We will pause now in this World Serious for two comic scenes that will live forever.
Scene 1, Phillies' locker room.
"Did you," a man with a notebook wanted to know of Mike Schmidt, "send hemorrhoid ointment over to George Brett?"
Now this is journalism.
This is getting to the bottom of things.
Mike Schmidt, the Phillies' third baseman and hero of game two, said to the newspaperman, "That's amazing you'd know that. Nothing gets by you guys."
If Watergate had been a sports story, we'd have told the world how well James McCord moves to his left. When Ralph Terry of the Yankees pitched a wonderful World Series game 20 years ago, he apologized to the press for keeping them waiting. He had to talk first by phone to his wife, that week a new mother, who, the pitcher said, was feeding the baby. "Breast or bottle?" Stan Isaacs asked, ballpoint pen at the ready.
"Yeah," an amused Mike Schmidt said, "I sent George a used tube of -- don't use the brand name; George may eventually be endorsing something." o
"How'd you come to have the used tube of ointment?" someone asked.
"I had 'em the whole season in '75. Then I had surgery. You can call Dr. Stevens for further details."
Schmidt truly blushed. "This is ridiculous," he said, laughing, "to stand here after a World Series game and talk about hemorrhoids."
In fact, people stood there before the game and talked. The old curmudgeon baseball manager, Herman Franks, was described by a Chicago writer as "the only man ever born with hermorrhoids." The consensus was that Brett would play, certainly, but he wanted to renegotiate his contract and add a no-slide clause.
Brett underwent surgery yesterday to lance an external hemorrhoid and was expected to stay in St. Luke's Hospital in Kansas City overnight. A spokesman for the team said that Brett probably would head straight for the ballpark Friday following his release and that he might be ready to play in the third game of the Series. Dr. John Heryer, who performed the surgery, said it was likely that Brett would be able to play Friday.
"Seeing that you and George are both third basemen," a reporter full of mischief said to Schmidt, "is this an ailment that is particular to your profession?"
"Yeah, it's a disease only third basemen catch. And it happens a lot if you're pregnant," Schmidt said. "Maybe George is pregnant. Check it out, guys."

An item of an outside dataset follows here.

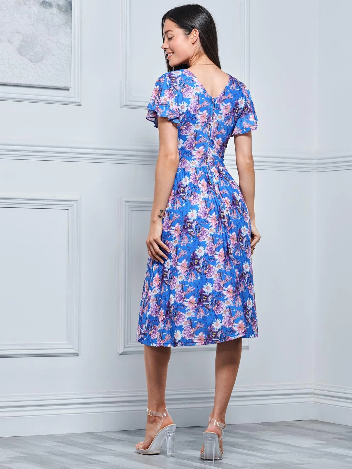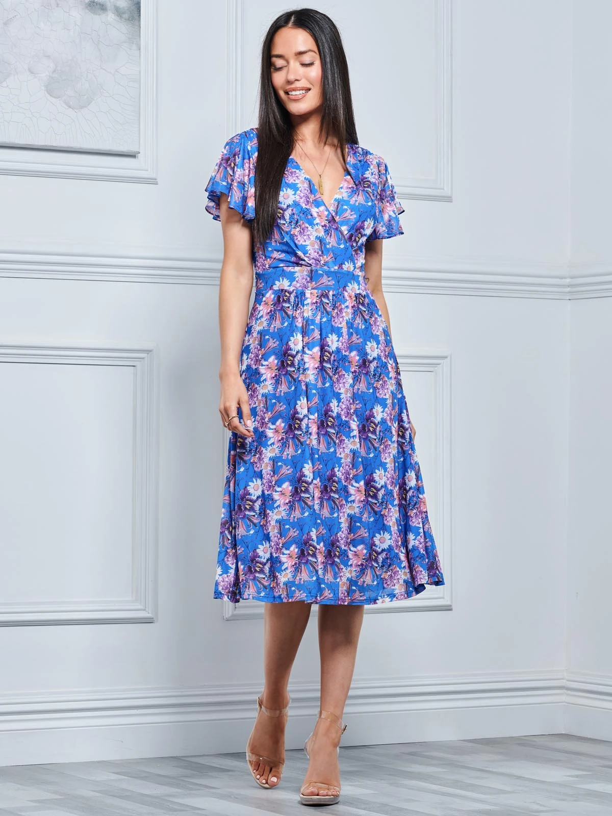 In a flattering fit-and-flare silhouette, this midi dress by Jolie Moi is cut from a premium mesh fabric with full lining. Accentuating the figure with a V neckline and short angel sleeves, it has an elegant floral pattern design that is perfect that summer wedding or garden party.

Pregnant third basemen are not the only sufferes of the melancholy malady. The president, Jimmy Carter, once spent a month in close company with a doughnut ring, as did Alan Page, the all-pro defensive tackle. And an old sports writer in Tennessee, Dudley (Waxo) Green, has said, "Hemroads is lahk Yankees. If'n they come down for a li'l while and go back up no'th, they not too bad. but if'n they come down and decide to stay, they can be a real pain in the rear."
Scene 2, home plate.
We have seen Pete Rose crash into catchers.
We have seen Lou Brock elude catchers.
Now we have seen Darrell Porter tippy-toe into a catcher.
It was the third inning of game one when Porter, the Kansas City Royal catcher, tried to score from second base on a two-out single to left field.
Even trying to score was foolish, for Porter runs little faster than a pregnant third baseman, and the single was a solidly hit line drive directly to the left fielder, Lonnie Smith.
But here he came around third base, and here came Smith's throw far, far ahead of him. Catcher Bob Boone had the ball, waiting for the inevitable collision with the 200-pound catcher from the other team.
There was no collision. Nor did Porter try a nifty hook slide around the catcher. Instead, he stopped running. He truly came to home plate on his tippy-toes, allowing Boone to touch him ever so gently for the third out.
It was so dainty.
Men with notebooks, who would later ask each other how to spell the melancholy malady, went to Darrell Porter's locker after game one to ask if he could explain his Baryshnikov performance at the plate.
"First off, my foot slipped on the third-base bag," Porter said. That slowed him down, he said.
"I didn't have any idea Boone already had the ball," he said. Not only is Porter immobile, he is asleep. But that wasn't the reason he didn't slide, he said.
"The reason I didn't slide is my feet were tangled up."
He meant that even though he was running forward, his feet felt like they were going sideways. Catchers get that way sometimes, which is why he shouldn't have been trying to score in the first place.
"And if I had tried to slide," Porter said, "I probably would have killed myself. I just got messed up in my feet. I couldn't get really out to slide."
Kansas City lost that game by one run, 7-6.